El duelo no me es ajeno. Al fin y al cabo, llevo vivo casi 65 años. Y durante casi 40 de ellos he ejercido de psicoterapeuta y asistido a las personas en sus duelos. Cualquier terapeuta te dirá que la muerte no es el único motivo posible de un duelo. Durante el luto, lo mejor de nosotros —nuestra capacidad de amar— se convierte en la fuente de nuestro sufrimiento. Es un milagro que todo ese dolor no se prolongue y que cualquier persona sea capaz de volver a amar, en vez de vagar por la vida, aturdida por su crueldad. Y es sorprendente que alguien crea que el duelo tiene sus etapas y límites temporales, o que sepamos lo suficiente sobre cómo funciona para saber qué esperar de él.

Cuando la Asociación Estadounidense de Psiquiatría añadió el trastorno de duelo prolongado a su Manual diagnóstico y estadístico de los trastornos mentales, la presidenta de la organización, Vivian B. Pender, explicó que, debido a “las circunstancias que estamos viviendo”, hay más personas susceptibles a episodios de duelo prolongados.
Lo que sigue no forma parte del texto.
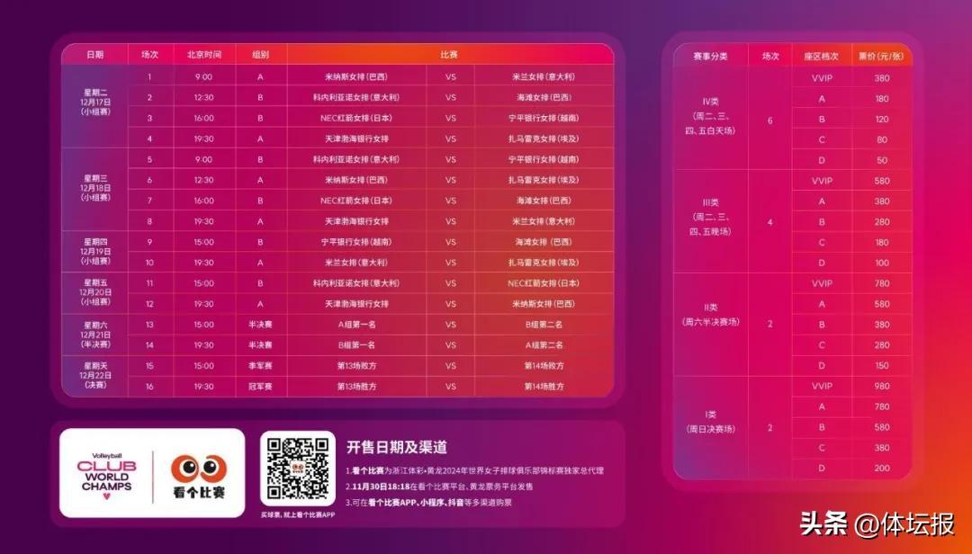 11月30日18:18起,在“看個比賽”平臺、“黃龍票務”平臺、抖音、微信小程序等多個平臺同步售票。
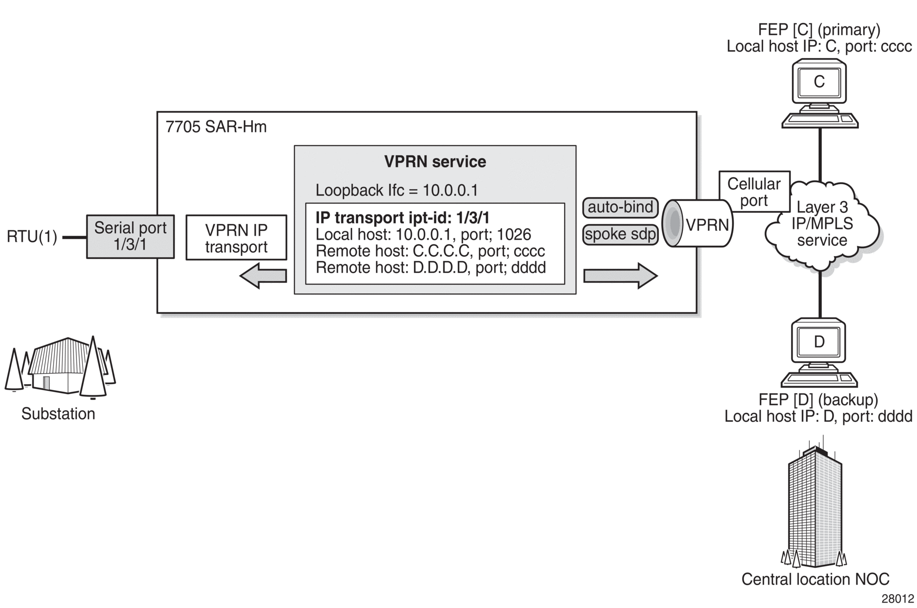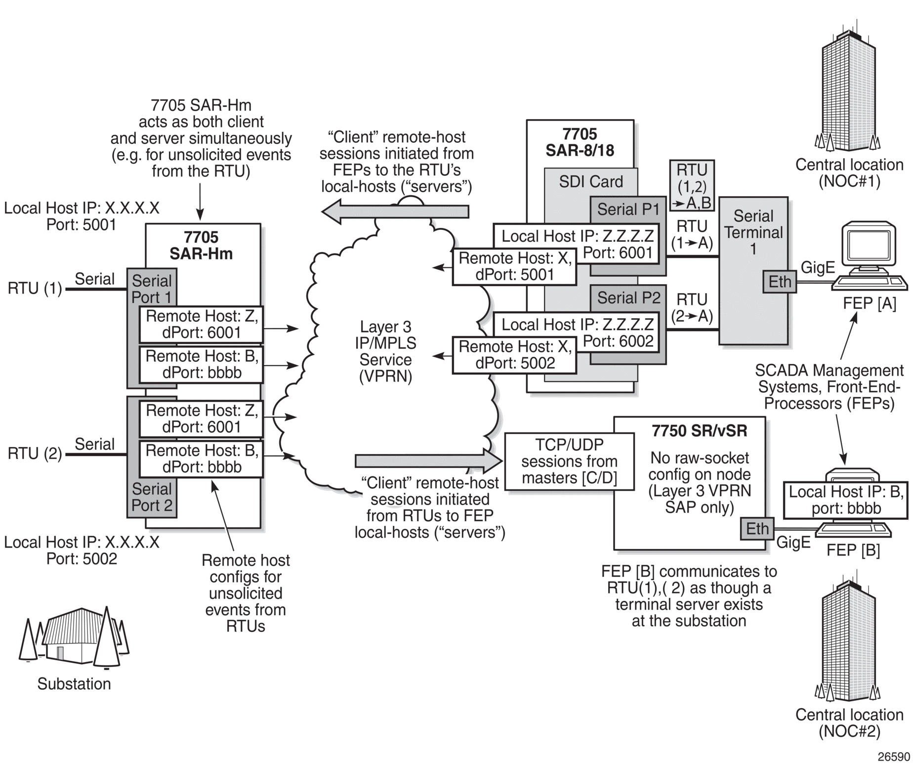 The bottom right 7750 SR or VSR node is connected to FEP server [B] directly using Ethernet. This FEP server reaches the RTUs via a Layer 3 VPRN service where TCP and UDP sessions originating from the FEP server [B] terminate on the 7705 SAR-Hm to deliver the raw socket serial data to the RTUs.

La asociación señaló que, además de las muertes por COVID-19, los estadounidenses se enfrentaban a muchas catástrofes que aún no han terminado, que, entonces eran, entre otras, “la retirada de Afganistán, inundaciones, incendios, huracanes y la violencia con armas de fuego”. Las ocasiones para el duelo, prolongado o no, parecen aumentar, y hay más cosas por las que llorar, además de por la pérdida de los seres queridos por el COVID-19, por la guerra o por el cambio climático. Sumadas con nuestra política polarizada y paralizada, estas calamidades parecen amenazar los cimientos de nuestros mundos cultural, político y natural. Convertir el duelo en un trastorno mental, al menos, llama la atención sobre la enormidad de las pérdidas que enfrentamos y al luto que subyace a todas ellas: la pérdida de lo familiar. A menudo me enfrento con las perturbaciones que producen las pérdidas. Pero, aunque tengas que esforzarte un poco para verla, la pérdida siempre está ahí, merodeando detrás de la ira: la pérdida de control, de certidumbre, de la confianza en que el trabajo duro y la constancia darán como fruto una vida predecible y segura.

También siento nostalgia por la época en la cual prevaleció el sueño de la Ilustración. Esa tolerancia nos ayudaría a superar nuestras diferencias para que la razón las resolviera, con los hechos como nuestro terreno común. Esa ecuanimidad y esa libertad podrían empujarnos en direcciones distintas, pero no nos separarían. Como mínimo, podríamos unirnos para combatir un virus. Yo también siento una pérdida y estoy con el corazón roto por la incipiente desaparición de un mundo común, tan destrozado que ni siquiera podemos ponernos de acuerdo en qué se ha perdido, y menos aún llorarlo al unísono. O, ya de paso, recoger los pedazos y ver si podemos diseñar algo mejor a partir de ellos.

Puede que la asociación de psiquiatría esté en lo correcto al convertir el trastorno de duelo prolongado en una enfermedad y citar la variedad de calamidades histórico- universales para respaldar esta afirmación. No porque el diagnóstico vaya a encontrar circuitos cerebrales descarriados que tratar, sino porque, a medida que los eslabones de la cadena de suministro de nuestro mundo conocido se debiliten y se rompan, quizá necesitemos que nos recuerden que, detrás de la indignación y la culpa está el duelo, y que no tenemos a nadie que nos consuele por nuestras pérdidas o con quien construir algo nuevo, excepto unos a otros.

Gary Greenberg es psicoterapeuta y columnista de The New York Times.